The main French column of about 36,000 men under Clausel and Reille marched to attack Sorauren. On the 27 July the heavily outnumbered British forces there were drawn up on the Oricain Ridge. Wellesley made a dramatic ride along the ridge in front of the cheering British and Portuguese troops and Soult postponed the attack until the next day. By the time the French attack was launched, reinforcements had arrived, bringing the total allied force to about 24,000 men.

On the 28th the fighting at the top of the ridge was bitter and bloody, but the defenders held the French off. About midday, the 6th Division arrived and Wellesley sent them to assault the French right flank. More fresh units reached the field and Soult soon ordered a withdrawal. The French suffered between 3,000 and 4,000 casualties, while Wellesley's army lost 2,652, namely, 1,358 British, 1,102 Portuguese and 192 Spaniards.

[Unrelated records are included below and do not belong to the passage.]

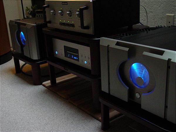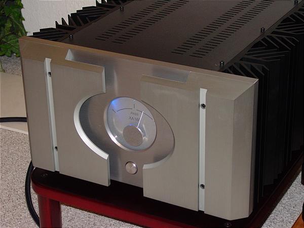 > 機身很重達150lbs一隻, 外轂質料及手工都是一等水準, 前面正中有藍灯表板, On/Off 也在正中, 機後可駁兩組喇叭線, 平衡與非平衡輸入, Stand By 制也在後面, 當Stand By On 時, 前面表板只現一點藍灯. 表示Power Stand By Mond.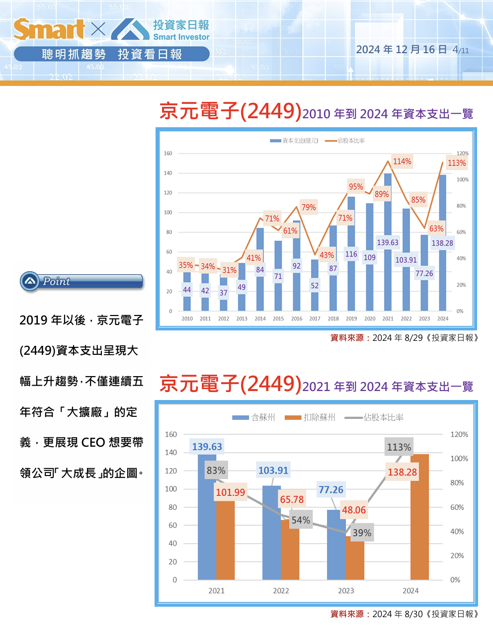 在經歷2019年到2022年這四年爆發期之後,2023年京元電子(2449)的資本支出雖然出現下滑,但隨著AI測試訂單持續湧入,2024年的資本支出再度跳升,董事會在2024年8/8決議,今年的資本支出,將由年初時預定的87.79億元,提高至138.28億元,增幅高達57.5%,確實展現CEO想要帶領公司「大成長」的企圖。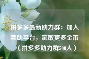 拼多多推金币活动是一种通过分享链接邀请好友助力,以获取更多金币奖励的方式。然而,很多时候我们可能会遇到邀请好友数量有限、助力效果不佳等问题。为了解决这个问题,拼多多最新助力群应运而生。在这里,你可以找到一群志同道合的朋友,共同分享链接、互助助力,轻松赢取更多金币。

On the 30 July the retreat from Sorauren cost the French 3,500 casualties, as they tried to get between Wellesley's army and San Sebastián. At Beunza, 5,100 Portuguese and 4,000 British fended off another attempt.

==Aftermath==
With his momentum lost, Soult withdrew into France to prepare his defence against the imminent Allied offensive.

==Sources==

- Oman, Charles (1922). "History of the Peninsular War"
- Napier, Sir William Francis Patrick (1879). "English battles and sieges in the Peninsula"
- Crowe, Charles. "Lieutenant Charles Crowe 1785-1855"
- Weller, Jac (1992). "Wellington in the Peninsula"
- Glover, Michael (2001). "The Peninsular War 1807–1814"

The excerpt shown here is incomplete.